Greg Bandiera

Personal information
- Full name: Gregory Bandiera
- Born: 8 September 1949 (age 75) Atherton, Queensland, Australia

Playing information
- Position: Second-row, Five-eighth, Centre
Club
| Years | Team | Pld | T | G | FG | P |
| 1970–71 | Newtown | 18 | 2 | 0 | 0 | 6 |
| 1972–75 | Eastern Suburbs | 30 | 8 | 0 | 0 | 24 |
| 1976–77 | Balmain | 26 | 2 | 0 | 0 | 6 |
|  | Total | 74 | 12 | 0 | 0 | 36 |
- Source: As of 18 April 2019

= Greg Bandiera =

Australian rugby league footballer

Greg Bandiera is an Australian former rugby league footballer who played in the 1970s. He played for Eastern Suburbs, Newtown and Balmain in the New South Wales Rugby League (NSWRL) competition.

==Playing career==
Bandiera was originally from Atherton, Queensland but moved to Sydney and was signed by Newtown in 1970. Bandiera spent two seasons with Newtown before joining Eastern Suburbs in 1972. In 1972, Eastern Suburbs reached the grand final against Manly-Warringah. After only 20 minutes into the match, Bandiera broke his collar bone and was taken from the field. Easts went on to lose the grand final 19-14 with Manly winning their first ever premiership.

In 1974, Eastern Suburbs finished as minor premiers under the arrival of coach Jack Gibson. Easts went on to reach the 1974 NSWRL grand final against Canterbury-Bankstown. Bandiera was selected to play from the bench in the grand final as Eastern Suburbs won their first premiership in 29 years defeated Canterbury 19-4 at the Sydney Cricket Ground.

In 1975, Eastern Suburbs went on to claim the 1975 minor premiership and reach the 1975 NSWRL grand final against St George. Easts went on to win their second straight premiership defeating St George 38-0 at the Sydney Cricket Ground but Bandiera unfortunately missed out on selection to play in the game. The match is mainly remembered for the white boots worn by St George player Graeme Langlands. The 38-0 scoreline remained as the heaviest defeat in a grand final until Manly defeated Melbourne 40-0 in the 2008 decider.

In 1976, Bandiera joined Balmain.
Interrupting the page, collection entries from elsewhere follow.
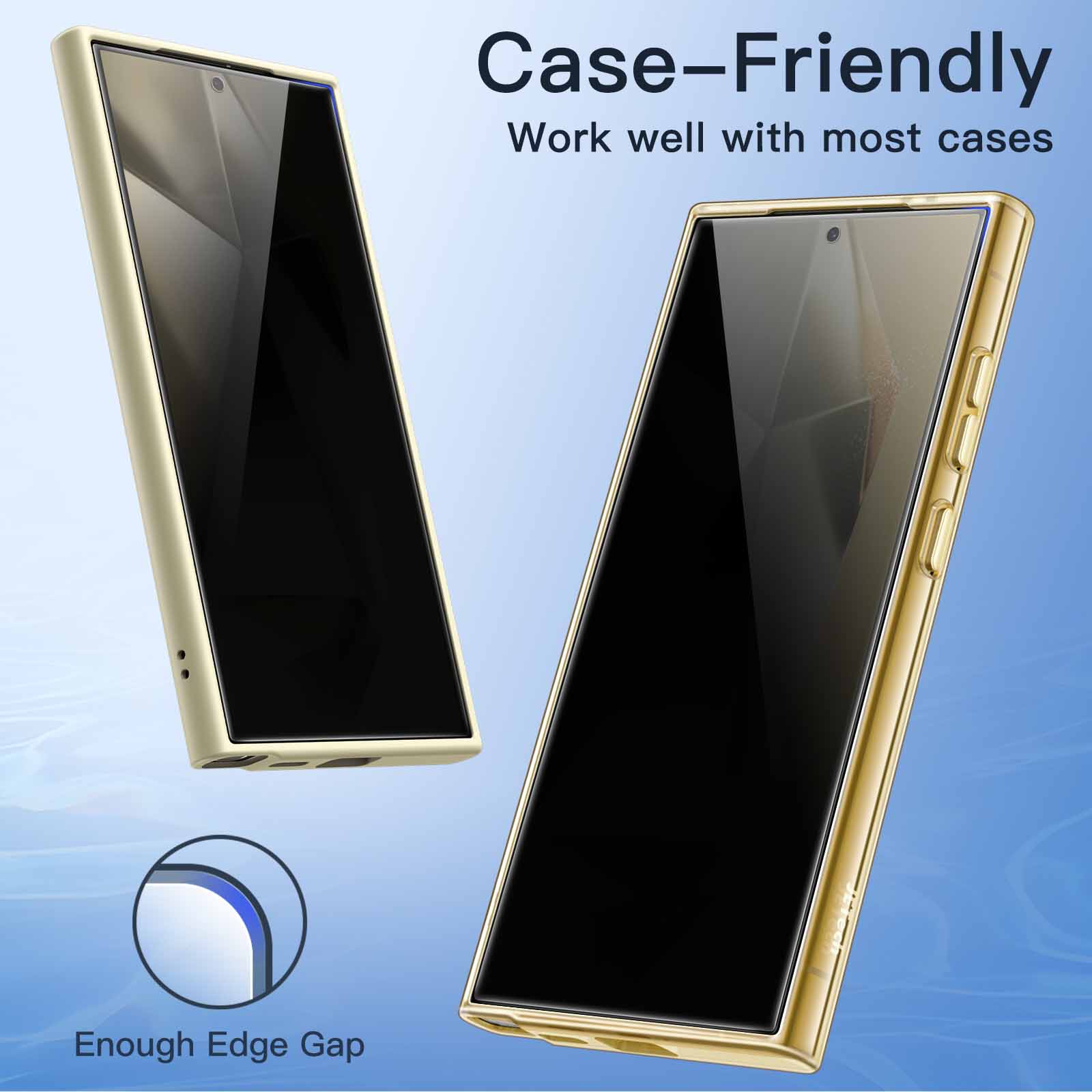 [Case-Friendly] There is enough edge space around the borders for your case to wrap around the edges of your mobile. Compatible with most phone cases
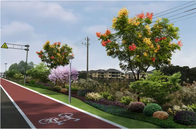 整條景觀大道以中央隔離綠化帶為軸
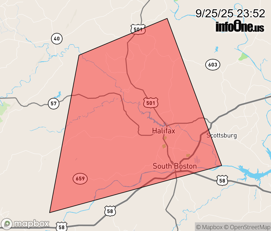 Canceled 9/26/25 12:15 AM Special Weather Statement issued September 25 at 11:51PM EDT by NWS Blacksburg VA At 1151 PM EDT, Doppler radar was tracking a strong thunderstorm over Ingram, moving east at 35 mph. HAZARD...Wind gusts up to 40 mph and pea size hail. SOURCE...Radar indicated. IMPACT...Gusty winds could knock down tree limbs and blow around unsecured objects. Locations impacted include... South Boston... Halifax... Ingram... Nathalie... Leda... Crystal Hill... and Elmo. ![]() |
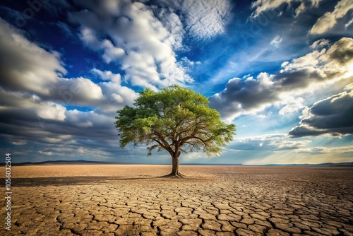Solitary tree in barren cracked landscape under partly cloudy sky, tilted angle
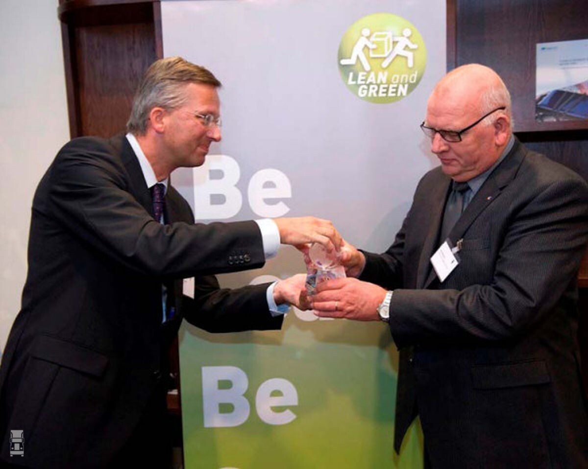 Op de foto krijgt Bosman, rechts, de Leand & Green Award uitgereikt.
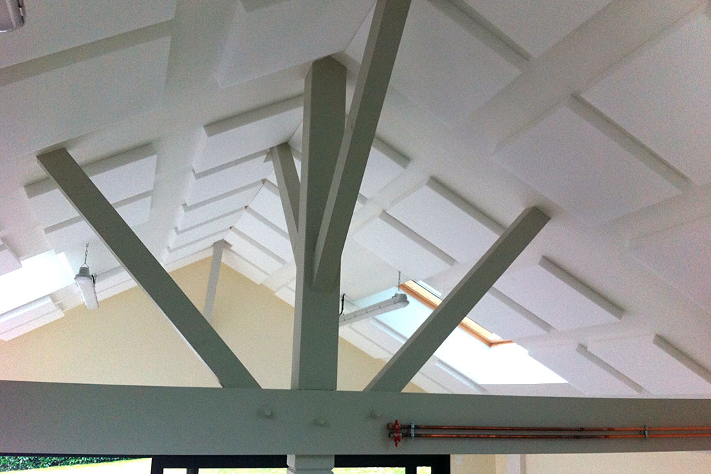 Náš obývací pokoj je vybaven tvrdou podlahou a jen několika kusy nábytku a téměř žádnými textiliemi, závěsy. Z toho plynoucí vysoká míra dozvuku způsobovala, že byl velmi nepříjemný a hlučný, zejména když bylo přítomno více lidí. Nyní, když jsme nainstalovali 30 mm silné zvukově absorpční panely soni PROTECT F, se hladina hluku výrazně snížila a atmosféra je mnohem příjemnější. Pomocí speciálního lepidla soniflex bylo upevnění panelů opravdu snadné. Zkosené hrany panelů soni PROTECT F umožňují velmi čisté spoje a dokonce pomáhají zakrýt nerovnosti v povrchu stropu.

In his first season at the club, Balmain missed the finals. In his final season at the club, Bandiera made 11 appearances and retired at the end of 1977.

==Post playing==
After retiring as a player, Bandiera went into club administration. In the early 1990s, Bandiera became general manager at the Gold Coast Seagulls but resigned at the end of 1993 due to a falling out with captain-coach Wally Lewis.